Tuesday, May 23, 2017

Salvation from Sin (2): Christ saves from the dominion of sin

In this section, Colquhoun shows the connectedness of justification, which Christ has won for his people, with their deliverance from the dominion of sin and the sanctifying work of the Holy Spirit. Sin no longer reigns over believers because the curse of the law as a covenant has been removed at the cross in the death of Jesus, our Surety. To paraphrase Romans 6:7, for he who has died in Christ is justified from sin

As Paul also writes in 1 Corinthians 15:56-57, The sting of death is sin, and the power of sin is the law. But thanks be to God, who gives us the victory through our Lord Jesus ChristAnd therefore, ...sin will have no dominion over you, since you are not under law [as a covenant] but under grace [as a covenant] (Romans 6:14). The reign of sin exists only where the law as a broken covenant exists. In Christ that law covenant has been satisfied and thus the curse removed and righteousness won for the elect, rendering sin impotent as a ruler in that it no longer carries with it the condemnation of the law and the penalty of death (Romans 8:1-2). Whereas sin reigned over sinners condemned under the law, Christ now reigns over sinners justified under grace. Thanks be to God indeed!
"2d, Jesus saves his people from the dominion or reigning power of sin." He that committeth sin, is the servant of sin." God had told the first Adam, as the federal head of all his natural posterity, that in the day he ate of the forbidden fruit, he should surely die. No sooner did he eat of it than he was punished with the loss of spiritual life; or, in other words, with the loss of the original righteousness of his nature, in which the spiritual life of the soul consists. Now, the corruption of the whole nature, or the dominion of sin in the soul follows as naturally, upon the want of original righteousness, as darkness follows the setting of the sun. Those, therefore, whom God hath appointed to obtain salvation, as they were involved in the guilt of Adam's first transgression as well as others, and consequently born under the condemning power of the law, which, in this sense, is the strength of sin; so they are all born destitute of original righteousness, and subject to the dominion of sin. The condemning power of the law as a covenant, so long as they continue under it, detains them as prisoners, under the reigning power of depravity. No sooner, however, does the Lord Jesus, whose office it is to say to such prisoners, "Go forth!", come and admit them to communion with himself, in his surety-righteousness, than they are delivered from the condemning power of the law, and consequently, from the reigning power of sin. This infinitely glorious righteousness [i.e. imputed righteousness], as it entitles them to the sanctifying influences of the Holy Spirit, so it removes the curse of the law, which formerly stood in the way of those influences, and obstructed their entrance into the soul. Hence are these words of the apostle Paul: "Sin shall not have dominion over you; for ye are not under the law, but under grace," Rom. vi. 14.
"If believers would make more use of the righteousness of the incarnate Redeemer in their approaches to God than they do, they should find that sin would not prevail against them so much as it does." 
- John Colquhoun. Sermon XIV, Salvation from Sin.  
(Bracketed comments and emphasis added) 

1 comment:

  1. Romans 6:7–“For one who has died has been freed from sin. Now if we have died with Christ, we believe that Christ being raised from the dead will never die again; death no longer has dominion over him. For the death He died to sin He died to sin once for all…”

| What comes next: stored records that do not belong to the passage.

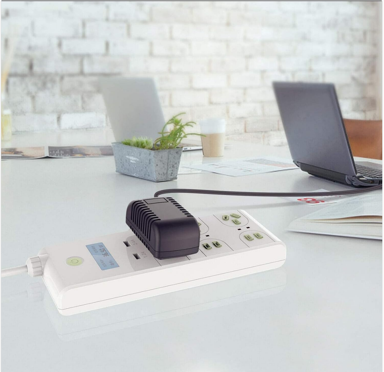
Image 3: The adapter connected to a power strip, demonstrating a typical setup.

4. Power On: Your device should now receive power. If your device has a power switch, turn it on.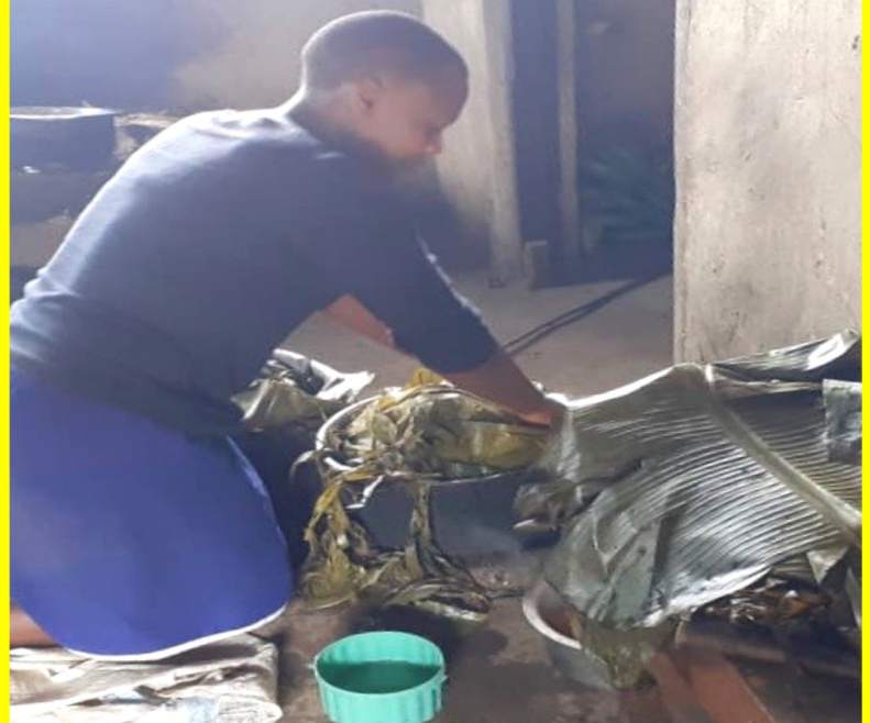
Smashing steamed bananas to make Matooke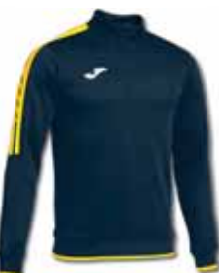
339 DARK NAVY/ YELLOW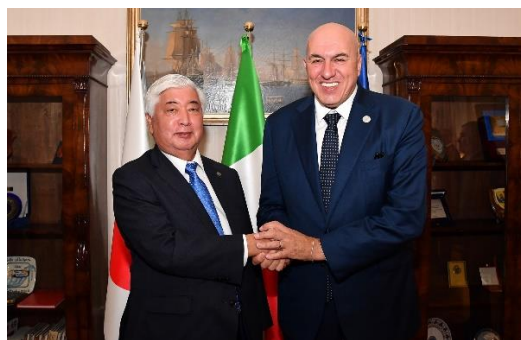
Japan-Italy Defense Ministerial Meeting

On October 18, 2024, Defense Minister Nakatani and The Hon. Guido Crosetto, Minister of Defense, held a meeting.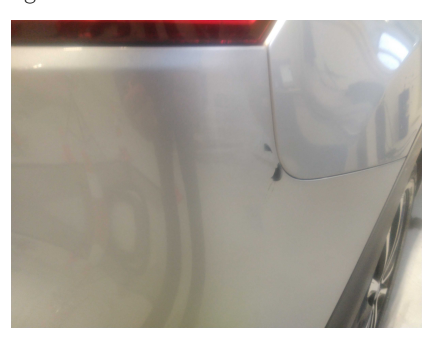
2. REAR: Rear bumper - condition and alignment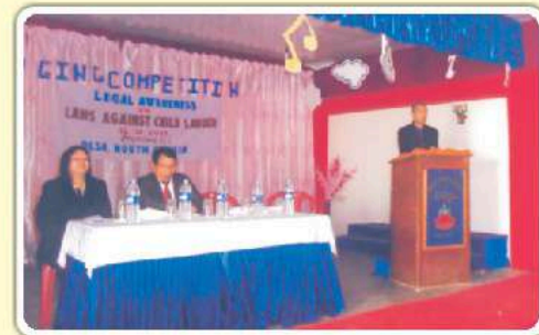
North Sikkim Academy, North Sikkim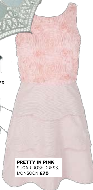
PRETTY IN PINK SUGAR ROSE DRESS, MONSOON £75

    I Corinthians 15: 56 Now the sting of death is sin,
    and the power of sin is the law.

    Many teach that “death to sin” means not only legal status but ultimately the death of the sin nature. If this were true it would mean that the justified elect are not free yet, even though there is now no condemnation. Loyd Jones warns us that any other reading (Haldane’s for example) of Romans 6 is hasty triumphalism and will "cut the moral nerve".

    Christ was never under the power of sin in the sense of being unable not to sin. Christ was always unable to sin. The only way Christ was ever under the power of sin is by being under the guilt of sin. The guilt of the elect’s sin was legally transferred by God to Christ.

    Because Christ’s death to sin was death to the guilt of sin, and since the elect are united with a death like his, the death of the elect is also a death to the guilt of sin. “For one who has died has been justified from sin.”

    Yet many commentators tell us that “set free from sin” must mean the elect’s sanctification by the Spirit so that the justified elect cannot habitually sin (or that their new nature cannot sin) They tell us that justification was in chapter five and that chapter six must be about something more if it’s to be a real answer to the question “why not sin?”.

    But Christ was never under the power of habitual sin or any sin, and the death of the elect is like His death. Romans 6:10, “For the death He died He died to sin.” When the elect consider themselves dead to sin and alive to God, they think of themselves as dead to the guilt of sin. Death to the guilt of sin means passing from death to life and "not coming into judgment" John 5:24

    Romans 6:14 does not say, For sin shall not be your master, because the Holy Spirit has changed you so that you cannot habitually sin, but only occasionally and always with repentance. Romans 6:14 says, “For sin shall not by your master, because you are not under law but under grace.”